When the query has no semantic content, retrieval returns low-relevance chunks and the LLM is forced to hallucinate or admit it doesn't know.
empty_query = "asdfjkl qwerty zzz"
logger.info("[Failure Mode 1] Empty/nonsense query: '%s'", empty_query)
response_empty = query_engine.query(empty_query)
print("Query :", empty_query)
print("Answer :", str(response_empty))
print(
"\nTop retrieved node score:",
f"{response_empty.source_nodes[0].score:.4f}"

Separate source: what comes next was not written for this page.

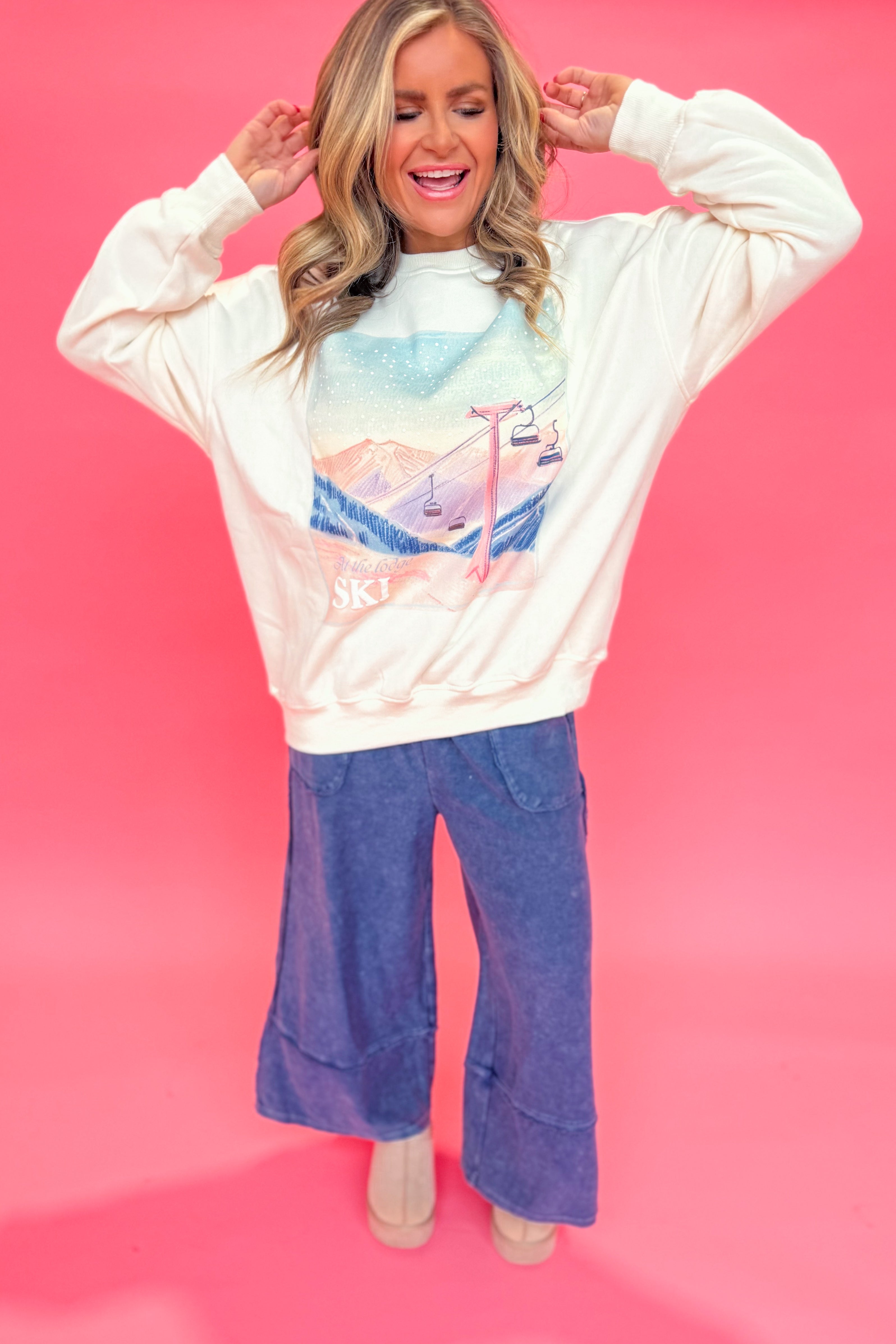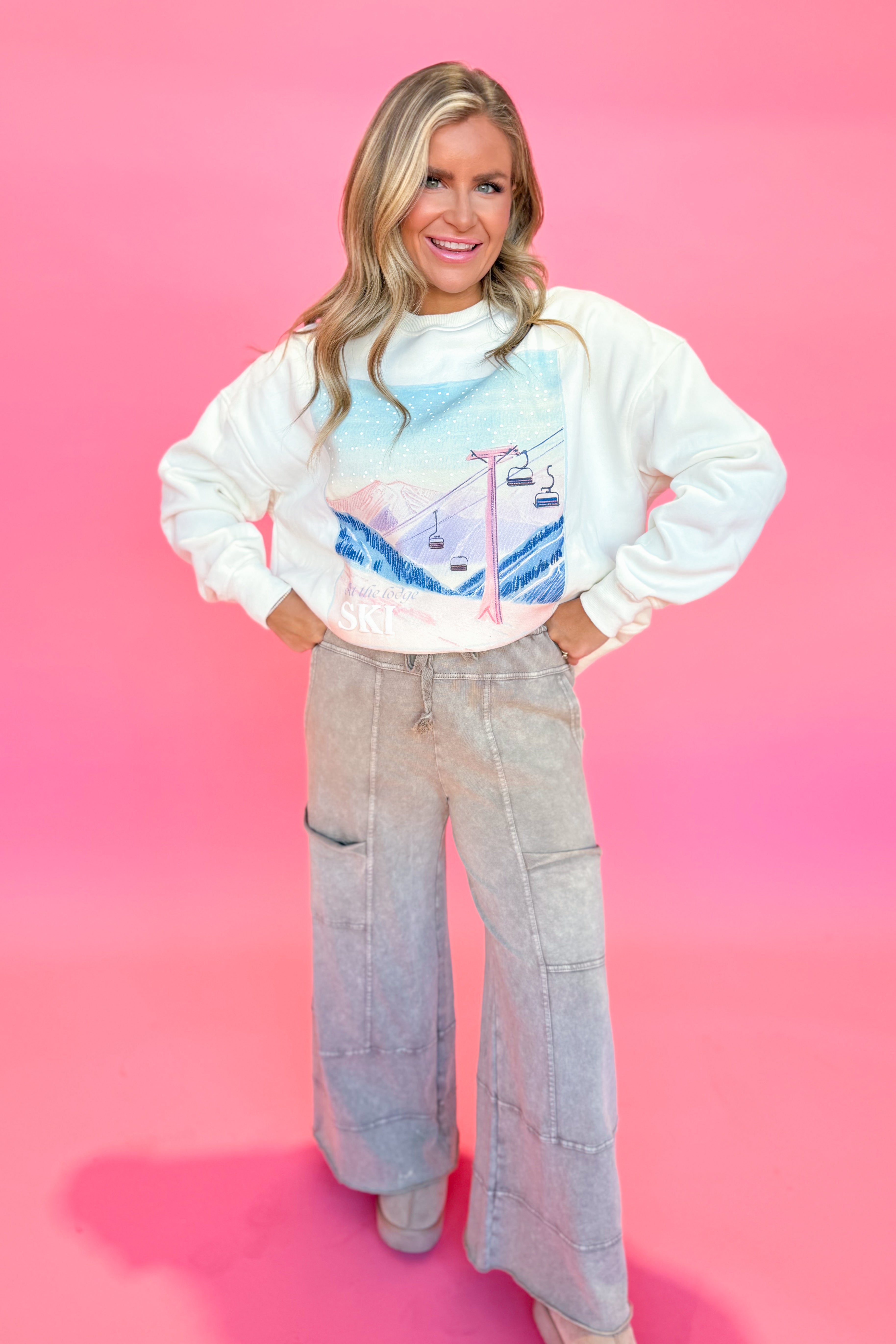 Sunkissed Coconut At The Lodge Ski Embroidered Crewneck Sweatshirt

if response_empty.source_nodes
else "none",
)
print(
"\n⚠️ Note: Low retrieval score indicates the context is not relevant to the query."
)
The document covers AI safety. A query about an unrelated topic will retrieve the least-bad chunks, but the answer will be unreliable.
ood_query = "What is the recipe for making sourdough bread?"
logger.info("[Failure Mode 2] Out-of-domain query: '%s'", ood_query)
response_ood = query_engine.query(ood_query)
print("Query :", ood_query)
print("Answer :", str(response_ood))
print(
"\n⚠️ Guardrail tip: Add a relevance score threshold. If max(node.score) < 0.4,"
)
print(
" return 'I don't have information about this topic' instead of hallucinating."
)
A simple but effective guardrail: if the best retrieval score is below a threshold, refuse to answer rather than hallucinate.
SCORE_THRESHOLD = 0.40
def safe_query(
query_engine, retriever, question: str, threshold: float = SCORE_THRESHOLD
) -> str:
"""Run RAG query with a relevance score guardrail.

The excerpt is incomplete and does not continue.